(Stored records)
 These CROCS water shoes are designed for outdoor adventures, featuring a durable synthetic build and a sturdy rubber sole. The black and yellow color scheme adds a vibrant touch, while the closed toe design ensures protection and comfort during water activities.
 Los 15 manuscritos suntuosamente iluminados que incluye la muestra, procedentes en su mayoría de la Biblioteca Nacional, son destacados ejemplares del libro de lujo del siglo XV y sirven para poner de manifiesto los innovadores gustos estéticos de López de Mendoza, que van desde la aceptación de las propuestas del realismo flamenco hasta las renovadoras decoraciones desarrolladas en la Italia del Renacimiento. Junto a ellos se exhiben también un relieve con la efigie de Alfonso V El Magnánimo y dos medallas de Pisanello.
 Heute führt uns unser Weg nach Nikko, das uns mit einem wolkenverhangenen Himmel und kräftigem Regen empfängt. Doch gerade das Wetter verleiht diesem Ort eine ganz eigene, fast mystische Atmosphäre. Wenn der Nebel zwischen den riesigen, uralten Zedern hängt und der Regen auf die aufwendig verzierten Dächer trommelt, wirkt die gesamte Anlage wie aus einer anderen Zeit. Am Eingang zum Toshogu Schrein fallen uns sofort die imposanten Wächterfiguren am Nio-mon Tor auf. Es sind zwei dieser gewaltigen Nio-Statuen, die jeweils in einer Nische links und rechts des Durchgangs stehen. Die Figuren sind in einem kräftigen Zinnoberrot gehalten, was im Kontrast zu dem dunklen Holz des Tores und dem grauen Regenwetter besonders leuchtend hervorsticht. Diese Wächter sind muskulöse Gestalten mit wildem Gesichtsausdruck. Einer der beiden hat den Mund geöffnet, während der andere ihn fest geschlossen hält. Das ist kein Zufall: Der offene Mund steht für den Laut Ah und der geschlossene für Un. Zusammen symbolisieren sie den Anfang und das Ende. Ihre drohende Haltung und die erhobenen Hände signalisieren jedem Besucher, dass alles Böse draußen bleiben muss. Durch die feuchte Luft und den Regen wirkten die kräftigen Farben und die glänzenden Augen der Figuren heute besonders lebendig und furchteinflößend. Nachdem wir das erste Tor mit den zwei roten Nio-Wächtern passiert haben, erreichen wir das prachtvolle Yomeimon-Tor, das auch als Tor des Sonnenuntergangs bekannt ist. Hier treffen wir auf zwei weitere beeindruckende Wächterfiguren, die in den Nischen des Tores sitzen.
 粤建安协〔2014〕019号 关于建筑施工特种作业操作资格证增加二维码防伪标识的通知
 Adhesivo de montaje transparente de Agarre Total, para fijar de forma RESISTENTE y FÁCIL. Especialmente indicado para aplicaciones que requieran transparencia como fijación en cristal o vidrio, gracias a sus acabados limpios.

▸ **Exercise directions**: Extract the first line above and each line after it up to and including the one with "Los 15 manuscritos", please, exactly and with nothing else.

▸ **Your response**:
 These CROCS water shoes are designed for outdoor adventures, featuring a durable synthetic build and a sturdy rubber sole. The black and yellow color scheme adds a vibrant touch, while the closed toe design ensures protection and comfort during water activities.
 Los 15 manuscritos suntuosamente iluminados que incluye la muestra, procedentes en su mayoría de la Biblioteca Nacional, son destacados ejemplares del libro de lujo del siglo XV y sirven para poner de manifiesto los innovadores gustos estéticos de López de Mendoza, que van desde la aceptación de las propuestas del realismo flamenco hasta las renovadoras decoraciones desarrolladas en la Italia del Renacimiento. Junto a ellos se exhiben también un relieve con la efigie de Alfonso V El Magnánimo y dos medallas de Pisanello.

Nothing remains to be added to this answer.